What you should give back is a precise copy of the lines below from the one containing "Таблица 4. Темпы" through the one containing "Брючный костюм Vilena", with no pictures.

Segment Start: GIVEN ENTRIES

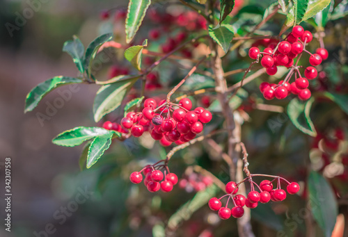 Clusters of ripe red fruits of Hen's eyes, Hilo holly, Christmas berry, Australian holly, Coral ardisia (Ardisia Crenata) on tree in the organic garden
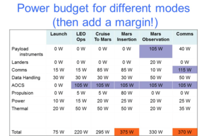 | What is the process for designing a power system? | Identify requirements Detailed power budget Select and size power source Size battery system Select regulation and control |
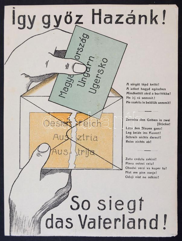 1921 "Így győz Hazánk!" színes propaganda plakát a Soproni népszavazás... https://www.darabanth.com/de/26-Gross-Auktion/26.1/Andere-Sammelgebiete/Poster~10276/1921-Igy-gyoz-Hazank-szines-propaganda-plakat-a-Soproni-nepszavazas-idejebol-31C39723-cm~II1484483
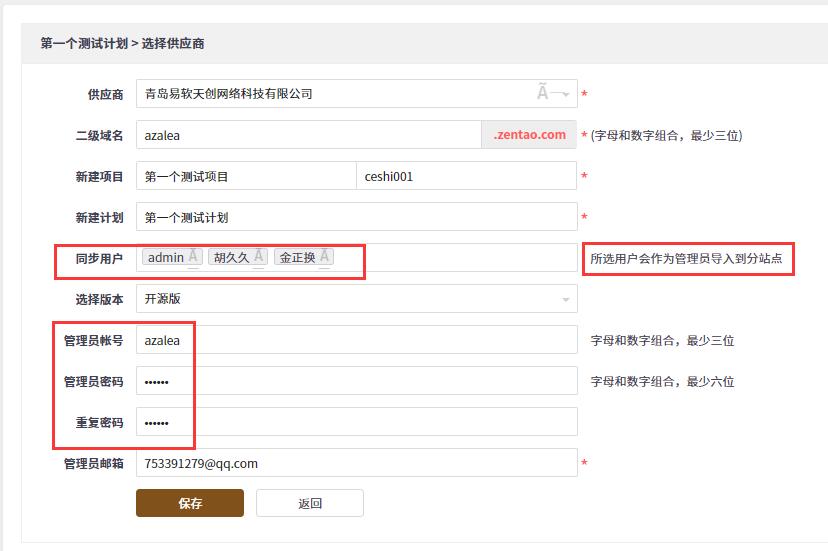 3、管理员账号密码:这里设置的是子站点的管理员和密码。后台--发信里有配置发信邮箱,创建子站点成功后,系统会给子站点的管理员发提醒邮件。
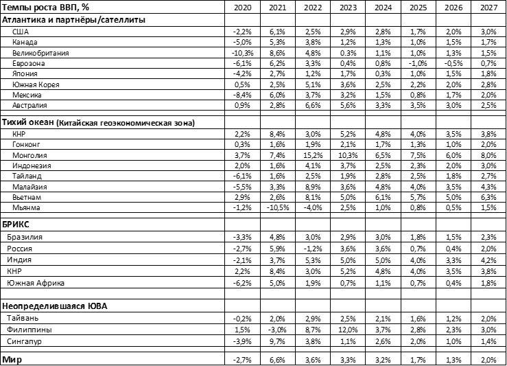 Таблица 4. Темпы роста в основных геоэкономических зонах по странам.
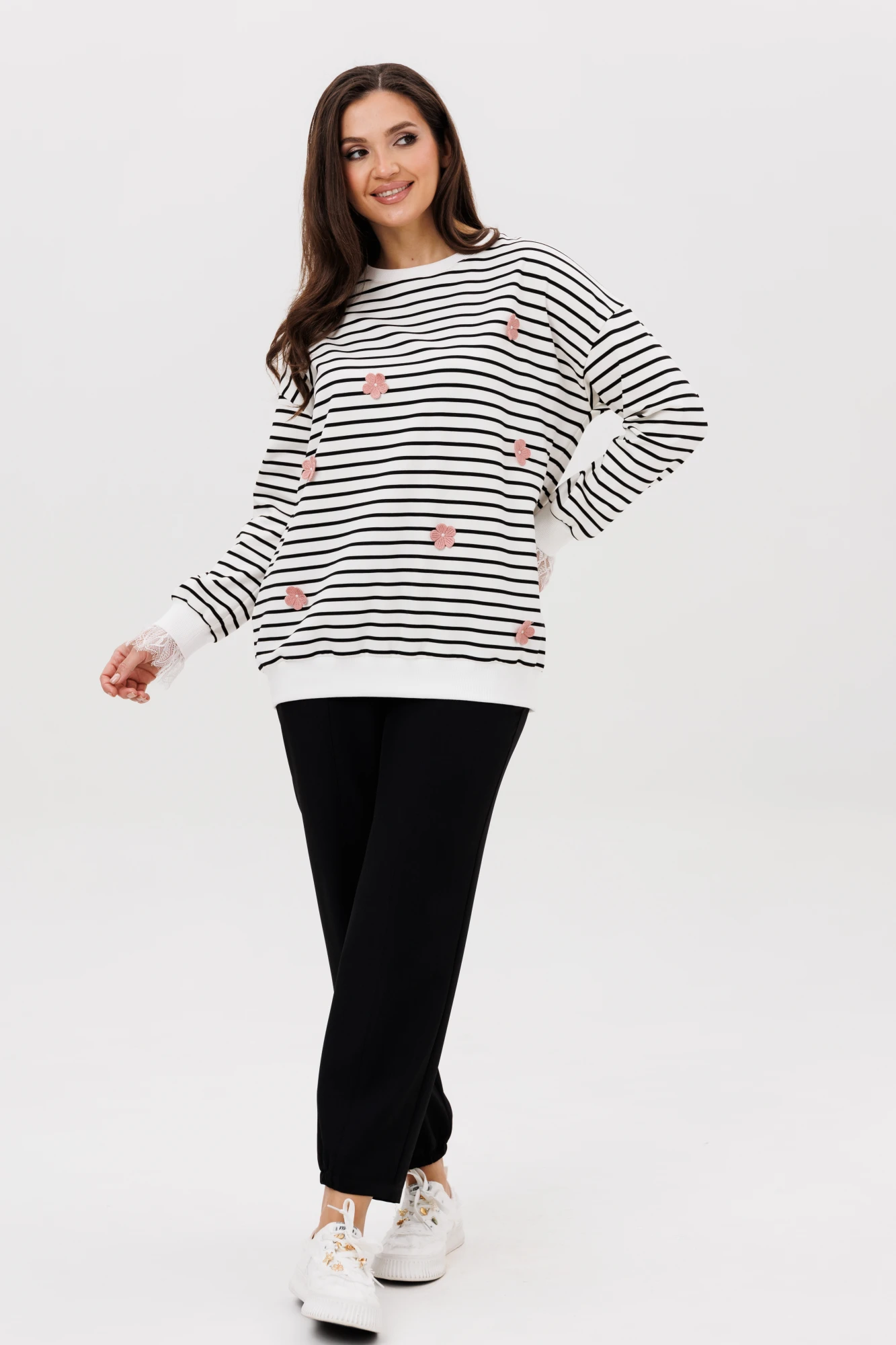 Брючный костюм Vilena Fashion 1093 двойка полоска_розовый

Segment End: GIVEN ENTRIES
Segment Start: GIVEN ENTRIES

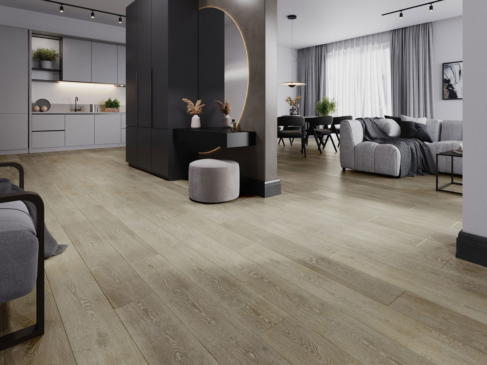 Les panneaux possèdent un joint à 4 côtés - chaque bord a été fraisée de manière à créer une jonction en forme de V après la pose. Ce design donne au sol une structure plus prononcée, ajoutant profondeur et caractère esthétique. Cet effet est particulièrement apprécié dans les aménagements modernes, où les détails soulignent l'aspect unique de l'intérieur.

Segment End: GIVEN ENTRIES
Segment Start: GIVEN ENTRIES

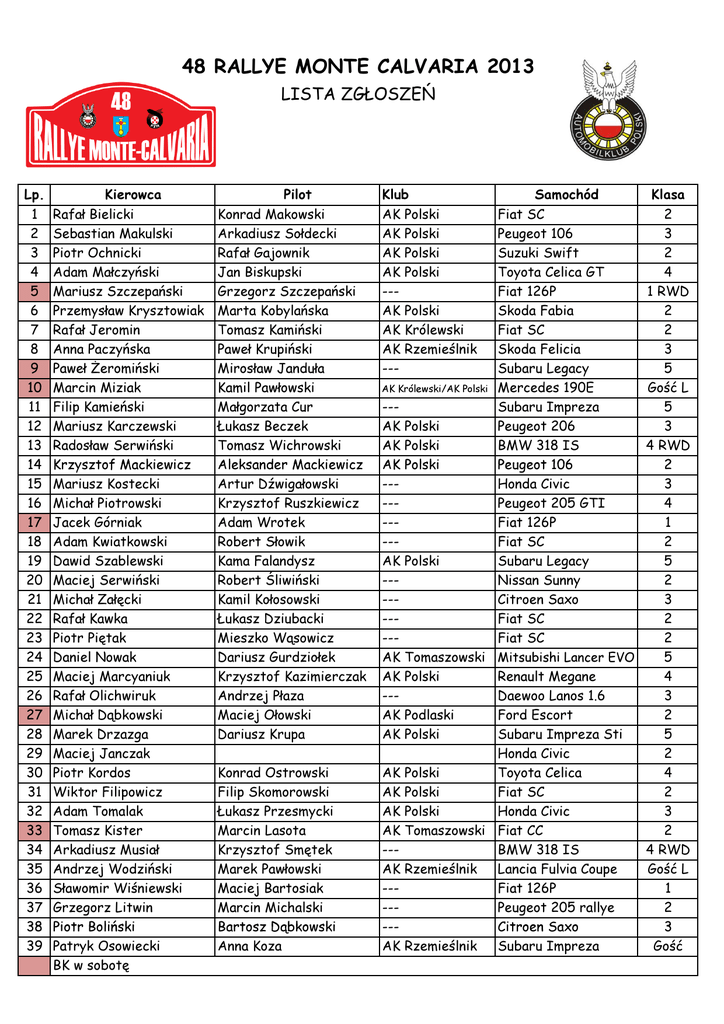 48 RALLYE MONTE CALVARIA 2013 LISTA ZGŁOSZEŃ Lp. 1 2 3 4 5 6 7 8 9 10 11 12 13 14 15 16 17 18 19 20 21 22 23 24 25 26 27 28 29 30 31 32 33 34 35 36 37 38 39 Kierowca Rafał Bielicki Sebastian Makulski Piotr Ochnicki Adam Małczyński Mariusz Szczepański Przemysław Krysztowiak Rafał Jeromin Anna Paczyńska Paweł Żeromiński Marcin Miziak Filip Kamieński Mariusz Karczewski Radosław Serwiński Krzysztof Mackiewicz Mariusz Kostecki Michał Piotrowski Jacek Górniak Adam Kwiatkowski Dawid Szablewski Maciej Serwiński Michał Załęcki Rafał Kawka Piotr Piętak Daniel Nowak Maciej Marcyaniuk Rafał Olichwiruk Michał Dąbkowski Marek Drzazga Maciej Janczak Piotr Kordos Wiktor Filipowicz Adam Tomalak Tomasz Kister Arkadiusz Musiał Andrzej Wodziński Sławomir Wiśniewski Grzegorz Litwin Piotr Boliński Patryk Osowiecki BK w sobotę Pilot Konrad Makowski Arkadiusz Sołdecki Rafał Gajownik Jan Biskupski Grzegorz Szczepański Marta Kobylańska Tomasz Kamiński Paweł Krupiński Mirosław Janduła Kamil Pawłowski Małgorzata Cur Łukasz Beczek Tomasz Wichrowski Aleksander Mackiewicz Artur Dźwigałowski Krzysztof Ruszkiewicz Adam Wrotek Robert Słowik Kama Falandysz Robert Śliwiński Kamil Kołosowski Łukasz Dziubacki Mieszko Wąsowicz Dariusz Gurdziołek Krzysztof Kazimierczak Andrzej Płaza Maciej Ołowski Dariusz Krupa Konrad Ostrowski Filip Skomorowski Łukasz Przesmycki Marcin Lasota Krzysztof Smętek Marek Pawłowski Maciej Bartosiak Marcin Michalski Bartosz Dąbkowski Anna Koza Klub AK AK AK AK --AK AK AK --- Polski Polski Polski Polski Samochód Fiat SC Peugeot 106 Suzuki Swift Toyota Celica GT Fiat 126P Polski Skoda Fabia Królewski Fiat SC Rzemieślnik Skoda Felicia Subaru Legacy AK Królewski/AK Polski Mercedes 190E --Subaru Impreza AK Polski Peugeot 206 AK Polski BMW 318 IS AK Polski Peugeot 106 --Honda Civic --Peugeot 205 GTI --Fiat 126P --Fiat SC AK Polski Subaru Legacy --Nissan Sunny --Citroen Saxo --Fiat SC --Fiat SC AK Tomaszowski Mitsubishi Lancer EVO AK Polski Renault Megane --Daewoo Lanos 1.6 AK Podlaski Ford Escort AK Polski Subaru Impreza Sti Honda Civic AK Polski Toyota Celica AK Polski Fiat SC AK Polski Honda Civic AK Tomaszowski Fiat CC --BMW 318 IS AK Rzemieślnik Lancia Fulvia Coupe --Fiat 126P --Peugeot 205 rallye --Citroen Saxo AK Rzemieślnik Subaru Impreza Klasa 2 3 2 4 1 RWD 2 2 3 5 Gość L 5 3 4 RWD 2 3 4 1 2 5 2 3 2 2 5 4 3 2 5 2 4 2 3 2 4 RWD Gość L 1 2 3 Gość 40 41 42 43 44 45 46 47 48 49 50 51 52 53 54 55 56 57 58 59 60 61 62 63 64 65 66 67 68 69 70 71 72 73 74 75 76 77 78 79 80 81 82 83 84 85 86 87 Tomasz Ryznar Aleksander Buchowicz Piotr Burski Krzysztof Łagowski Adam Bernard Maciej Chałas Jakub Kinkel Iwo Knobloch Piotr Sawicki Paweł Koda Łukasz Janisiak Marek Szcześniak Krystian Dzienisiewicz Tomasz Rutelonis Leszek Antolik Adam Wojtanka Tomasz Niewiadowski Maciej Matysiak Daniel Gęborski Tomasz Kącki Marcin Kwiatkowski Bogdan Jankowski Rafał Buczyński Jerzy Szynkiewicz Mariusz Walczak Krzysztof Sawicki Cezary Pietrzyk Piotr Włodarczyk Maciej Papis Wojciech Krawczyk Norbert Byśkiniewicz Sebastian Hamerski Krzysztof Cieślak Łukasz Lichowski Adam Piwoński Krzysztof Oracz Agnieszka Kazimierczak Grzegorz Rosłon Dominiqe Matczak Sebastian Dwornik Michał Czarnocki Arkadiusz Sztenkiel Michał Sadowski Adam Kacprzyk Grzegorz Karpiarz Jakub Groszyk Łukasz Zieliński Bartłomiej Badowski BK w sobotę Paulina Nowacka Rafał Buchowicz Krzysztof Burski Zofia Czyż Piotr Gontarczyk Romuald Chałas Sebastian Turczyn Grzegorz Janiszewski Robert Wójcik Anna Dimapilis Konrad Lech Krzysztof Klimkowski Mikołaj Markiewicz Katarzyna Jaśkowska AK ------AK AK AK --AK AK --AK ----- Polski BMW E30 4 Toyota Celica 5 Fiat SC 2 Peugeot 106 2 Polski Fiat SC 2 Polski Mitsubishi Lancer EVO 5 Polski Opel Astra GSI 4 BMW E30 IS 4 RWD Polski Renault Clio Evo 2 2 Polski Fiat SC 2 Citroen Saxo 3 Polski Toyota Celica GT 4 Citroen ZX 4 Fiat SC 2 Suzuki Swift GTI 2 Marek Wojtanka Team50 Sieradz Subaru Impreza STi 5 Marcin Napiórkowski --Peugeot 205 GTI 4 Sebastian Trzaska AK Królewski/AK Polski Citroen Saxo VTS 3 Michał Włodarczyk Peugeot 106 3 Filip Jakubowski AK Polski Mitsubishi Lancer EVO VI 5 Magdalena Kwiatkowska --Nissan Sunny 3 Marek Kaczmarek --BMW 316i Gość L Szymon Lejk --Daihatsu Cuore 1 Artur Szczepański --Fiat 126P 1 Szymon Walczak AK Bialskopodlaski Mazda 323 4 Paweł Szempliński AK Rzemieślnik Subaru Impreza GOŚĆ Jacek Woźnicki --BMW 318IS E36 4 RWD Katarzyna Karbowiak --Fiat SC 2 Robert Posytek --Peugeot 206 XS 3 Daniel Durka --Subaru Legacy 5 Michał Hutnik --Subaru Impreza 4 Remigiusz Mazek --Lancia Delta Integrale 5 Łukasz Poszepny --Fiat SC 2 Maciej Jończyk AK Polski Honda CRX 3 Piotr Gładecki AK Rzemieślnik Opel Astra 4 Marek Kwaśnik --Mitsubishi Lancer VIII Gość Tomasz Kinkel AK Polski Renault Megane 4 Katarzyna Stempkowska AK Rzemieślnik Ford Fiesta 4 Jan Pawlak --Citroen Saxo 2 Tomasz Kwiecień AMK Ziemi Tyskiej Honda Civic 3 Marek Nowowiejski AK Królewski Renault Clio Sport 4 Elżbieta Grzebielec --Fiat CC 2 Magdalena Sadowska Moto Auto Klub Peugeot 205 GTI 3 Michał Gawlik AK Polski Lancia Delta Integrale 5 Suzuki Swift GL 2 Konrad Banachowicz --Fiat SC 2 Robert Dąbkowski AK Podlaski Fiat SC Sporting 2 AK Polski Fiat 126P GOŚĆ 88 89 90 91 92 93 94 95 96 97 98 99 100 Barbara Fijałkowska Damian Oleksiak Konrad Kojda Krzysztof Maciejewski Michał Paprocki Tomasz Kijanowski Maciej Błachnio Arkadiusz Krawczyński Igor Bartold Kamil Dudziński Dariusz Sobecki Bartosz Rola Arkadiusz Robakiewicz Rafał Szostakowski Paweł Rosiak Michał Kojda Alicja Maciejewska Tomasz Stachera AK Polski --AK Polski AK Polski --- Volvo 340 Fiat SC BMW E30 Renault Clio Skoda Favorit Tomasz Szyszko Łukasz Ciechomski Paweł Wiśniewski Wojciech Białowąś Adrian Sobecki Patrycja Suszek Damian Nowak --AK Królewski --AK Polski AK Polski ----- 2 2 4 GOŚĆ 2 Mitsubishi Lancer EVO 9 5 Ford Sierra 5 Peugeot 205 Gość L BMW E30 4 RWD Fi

Segment End: GIVEN ENTRIES

* [RESPONSE TO THE EXERCISE]
 Таблица 4. Темпы роста в основных геоэкономических зонах по странам.
 Брючный костюм Vilena Fashion 1093 двойка полоска_розовый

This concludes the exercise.